RWD is one tool to help achieve these clinical trial diversity goals, said Randall A. Oyer, MD, one of the authors of the research statement and executive medical director of the University of Pennsylvania Ann B. Barshinger Cancer Institute in Lancaster, Pennsylvania. “Real-world data could be used to place trials more expeditiously in communities, where populations reside and get their care, where it’s possible to expeditiously complete a trial,” said Oyer, who is also a past president of ACCC.
Another positive of RWD is that it includes outcomes data that matters most to patients, including symptom relief, quality of life, and ability to access treatment, Oyer said.
Data challenges
A first step to improving RWD for use in increasing trial diversity is widespread adoption of a minimal set of definitions around certain health equity data, Oyer said. Additionally, there should be a standardized way of collecting that data in EHRs and making it searchable for researchers, he said.
The lack of completeness and granularity of clinical data by race and ethnicity is a challenge in setting diversity goals early in clinical trial planning, Mack said. In many cases, a single source of RWD on race and ethnicity is not sufficient either because of missing and incomplete data or inherent biases that may be due to how or why the data was originally collected. For example, data extracted from a hospital EHR system has the potential to show worse disease outcomes for certain populations while primary care data could underestimate the prevalence of disease due to the patterns of care at those points of care, Mack said.
Overlaying multiple RWD data sources can help to account for those shortcomings, Mack said, but even then, it is important that the data is interpreted by epidemiologists and clinicians who understand the nuances and limitations of RWD.

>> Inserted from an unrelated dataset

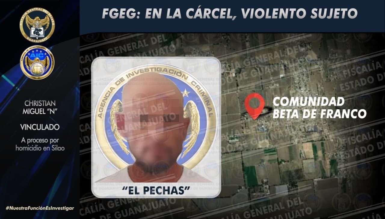 Silao, Gto., 12 de diciembre de 2021.- Un peligroso sujeto fue capturado por la Fiscalía General del Estado bajo cargos de homicidio. CHRISTIAN MIGUEL, conocido como “El Pechas”, junto con un cómplice, se llevaron a un hombre en una motocicleta del Fraccionamiento La Curva, y lo torturaron hasta matarlo. El ofendido fue localizado, desollado, dos días después en un baldío ubicado en la comunidad Beta de Franco.

“We need to look across enough sources to really give ourselves a good start in our goal setting and in our diversity goals and make sure that we arrive at a reasonably valid and attainable target or target range,” Mack said. “The power of creating a diversity plan is that sponsors are equipped with the evidence to make careful choices, moving the needle towards a more representative population earlier in clinical development and closing the current gap between test subjects and real-world populations. And while it may go beyond race and ethnicity, it is a good place to start.”